Similarities and differences in the prediction of the conditional mean \(\mathbb{E}[Y|X=x]\) and conditional response \(Y|X=x\):
- Similarities. The estimate is the same, \(\hat y=\hat\beta_0+\hat\beta_1x\). Both CI are centered in \(\hat y\) and share the term \(\frac{\hat\sigma^2}{n}\left(1+\frac{(x-\bar x)^2}{s_x^2}\right)\) in the variance.
- Differences. \(\mathbb{E}[Y|X=x]\) is deterministic and \(Y|X=x\) is random. Therefore, the variance is larger for the prediction of \(Y|X=x\): there is an extra \(\hat\sigma^2\) term in the variance of its prediction.
The prediction and computation of CIs can be done with the R function predict. The objects required for predict are: first, the output of lm
; second, a data.frame
containing the locations \(x\) where we want to predict \(\beta_0+\beta_1 x\). To illustrate the use of predict, we are going to use the pisa
dataset.

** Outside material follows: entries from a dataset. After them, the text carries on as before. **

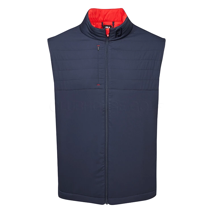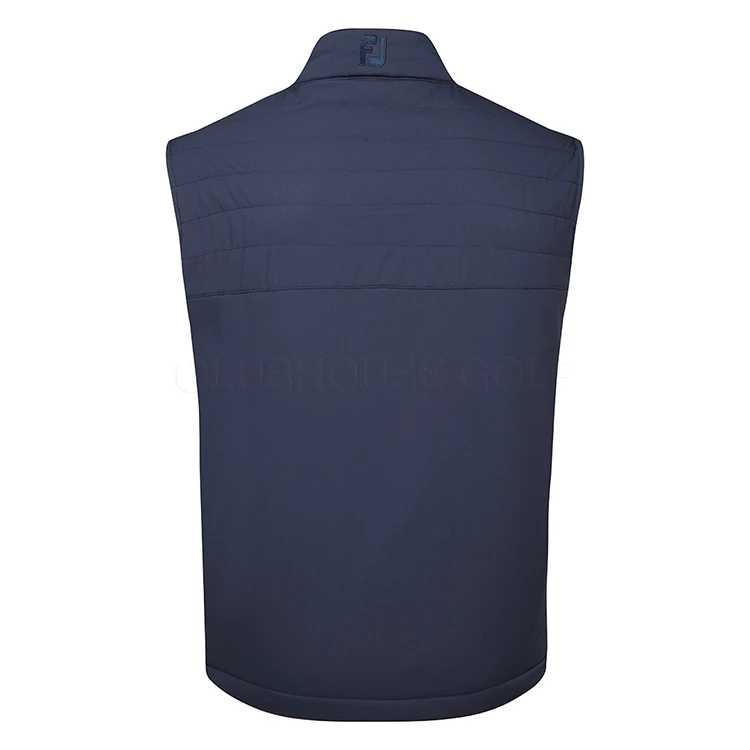 | FootJoy FJ Hybrid Golf Wind Vest Thermal Insulation With Padded Quilted Design The FootJoy FJ Hybrid Wind Vest is the perfect garment for those cold windy days on the course with 100% windproof protection and added thermal insulating design. Made from 100% polyester, the FJ Hybrid Wind Vest is the ideal garment for cold, windy days when extra warmth is needed. It can also be worn in light rain showers and offers light shower proof protection along with the highly insulating design that retains body heat. The woven panel overlay helps trap body heat to retain your core temperature even on the coldest of days. The FJ Hybrid Wind Vest has a quilted design with zip contrast detail and the FJ brand logo on the left collar for added style. With 2 side pockets and full zip design, this thermal wind garment offers exceptional performance with a premium look. |
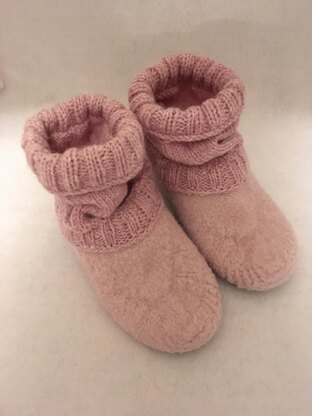 The slippers are knitted in the round as well as straight knitting and uses 100% wool worsted weight yarn as well as worsted weight wool ease or superwash yarn, basic knit stitches, 24” or 29” as well as 19.5" circular needles, size 6 double pointed needles. Skill level, moderate, short row knitting involved. Machine washing for felting technique.
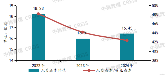 从人力成本优化的成效来看,2024年物业服务上市公司的人员成本均值为16.45亿元,较上一年微增0.44亿元;虽然人员成本均值增加,但其增速小于营业成本均值的增速,人员成本占总营业成本的比例下降,2024年为42.36%,较上一年减少1.82个百分点,物业企业的人力成本控制策略已初见成效。
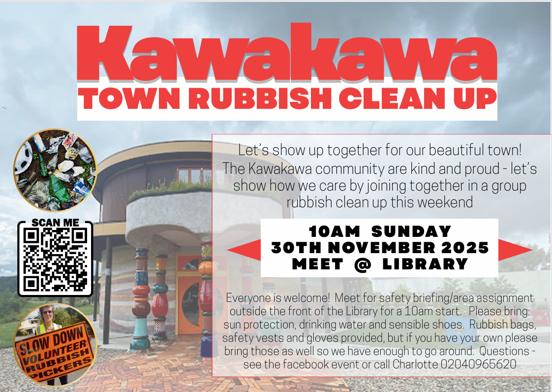 30 November 2025 @ 10:00 am - 2:00 pm Kawakawa Town Clean Up Kawakawa Library If you haven't been there before, there is loads of parking outside the library, just follow the little road next to the Bay of Islands Vets, and it will take you behind the Hunderwasser toilets to the library and parking. 10am will be safety briefing and dividing (hopefully lots of) volunteers into assigned areas. I hope […]
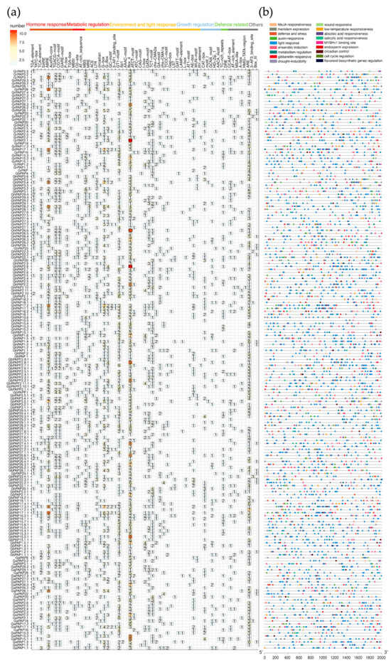 Cis-acting regulatory elements (CREs) are crucial components in the regulation of plant gene expression. Primarily located in the promoter regions of genes, they play a pivotal role in plant growth, development, and environmental adaptation by interacting with transcription factors to precisely regulate gene expression [33,34]. Changes in cis-regulatory elements can drive evolutionary adaptations by altering the gene expression level, timing, and location [35]. To further understand the potential biological functions of cotton PAP proteins, we obtained the sequence 2000 bps upstream of the PAP genes as the promoter sequence and uploaded it to the PlantCARE online database [36] for CRE prediction. These PAP genes are predicted to have a total of 61 homeopathic action elements and possess 40 unique biological functions (Table S3), mainly including hormone response, growth and metabolism regulation, environmental and light response, and defense-related functions (Figure 7a). Among them, CREs involved in “environmental and light response” and “hormone response” appeared with high frequency, occupying 55% and 25% of the total number of CREs, respectively.
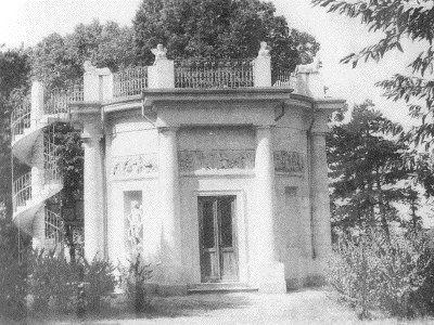 SCULTURE (esterno): Sculture raffiguranti quattro cavalli a lato della scalinata di accesso alla gloriette. SCULTURE (esterno): Sculture raffiguranti leoni, tigri, sirene e sfingi a coronamento della balaustra della gloriette. SCULTURE (esterno): Quattro sculture opera di Francesco Bonazza raffiguranti l'Abbondanza, la Pudicizia, Adone e una figura di guerriero all'interno di nicchie aperte su quattro lati dell'ottagono della gloriette. FREGIO (esterno): Fregio a rilievo raffigurante putti in diversi atteggiamenti lungo il perimetro della superificie muraria superiore della gloriette. SEMICOLONNE (esterno): Semicolonne di ordine dorico in corrispondenza degli angoli della struttura ottagonale della gloriette.
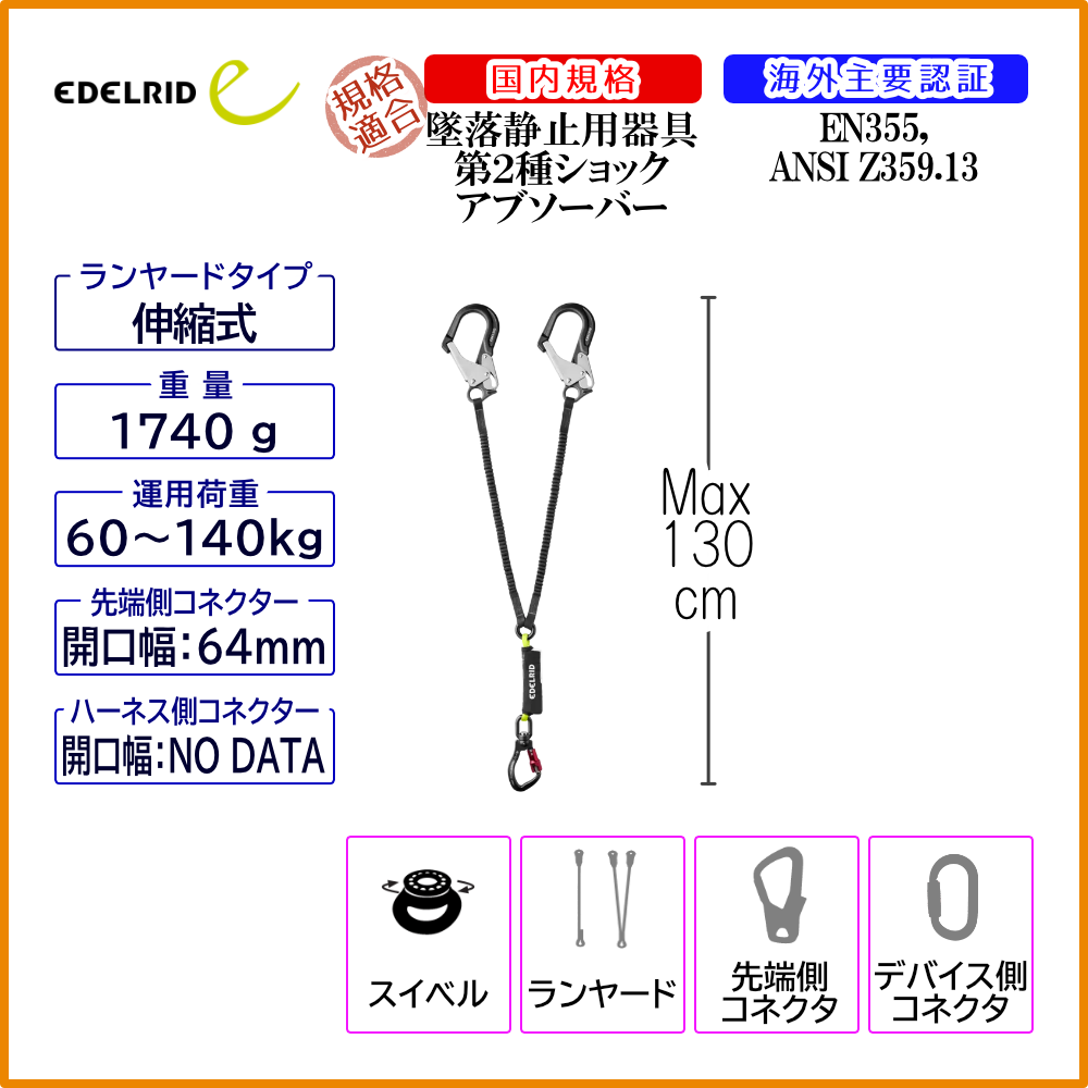 【受注発注商品】 EDELRID エーデルリッド ショックストップ Y 140 ジャイアント ANSI 国内正規品 [84018]
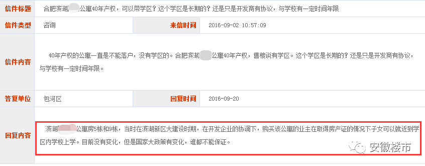 但是也有例外,从合肥市12345政府服务直通车的网友咨询来看,滨湖某40年产权公寓,在开发企业的协调下,购买该公寓的业主在取得房产证的情况下子女可以就近到学区内学校上学。但是,官方也明确表示,国家大政策有变化,谁也不能保证!
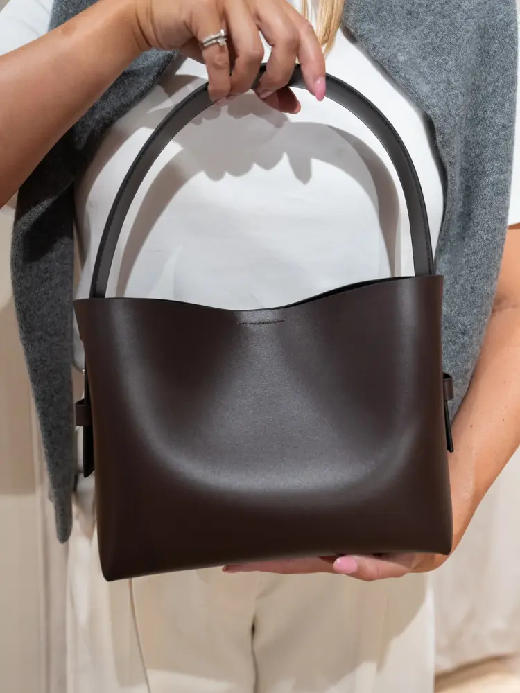 Som nevnt er brunt en trendfarge, og den vil holde stand i og gjennom høsten. Fint det, for brunt er kjempefint til svarte strømpebukser, også. Her holder vi stylingen sommerlig ved å sette sammen det brune skjørtet med hvitt tilbehør - en singlet og en blazer med korte ermer. Semskede loafers er perfekte kompanjonger, og gir et antrekk som er passe formelt, men absolutt pent et lite løft.
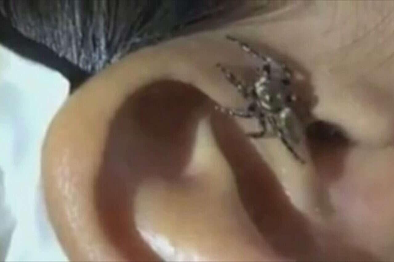בזמן שישנתם. עכביש חצוף במיוחד החליט להשתכן באוזנו של אדם בזמן שישן, לאחר שמצא בה כנראה, מקום מוגן וחם.

In case you do not have it loaded, you can download it here as an .RData
file.
The prediction of a new observation can be done via the function predict
, which also provides confidence intervals.
# Prediction with 95% confidence interval (the default) CI: (lwr, upr)
predict(model, newdata = newData, interval = "prediction")
## fit lwr upr
## 1 389.6746 357.4237 421.9255
# Other levels
predict(model, newdata = newData, interval = "prediction", level = 0.90)
## fit lwr upr
## 1 389.6746 362.7324 416.6168
predict(model, newdata = newData, interval = "prediction", level = 0.99)
## fit lwr upr
## 1 389.6746 346.8076 432.5417
# Predictions for several values
predict(model, newdata = newData2, interval = "prediction")
## fit lwr upr
## 1 389.6746 357.4237 421.9255
## 2 446.2160 414.4975 477.9345
## 3 502.7574 471.0277 534.4870
## 4 559.2987 527.0151 591.5824
# Comparison with the mean CI
predict(model, newdata = newData2, interval = "confidence")
## fit lwr upr
## 1 389.6746 382.3782 396.9710
## 2 446.2160 441.8363 450.5957
## 3 502.7574 498.2978 507.2170
## 4 559.2987 551.8587 566.7388
predict(model, newdata = newData2, interval = "prediction")
## fit lwr upr
## 1 389.6746 357.4237 421.9255
## 2 446.2160 414.4975 477.9345
## 3 502.7574 471.0277 534.4870
## 4 559.2987 527.0151 591.5824
Redo the third and fourth points of the previous exercise with CIs for the conditional response. In addition, check if the MathMean
scores of Sweden, Denmark, Vietnam and Qatar are inside or outside the prediction CIs.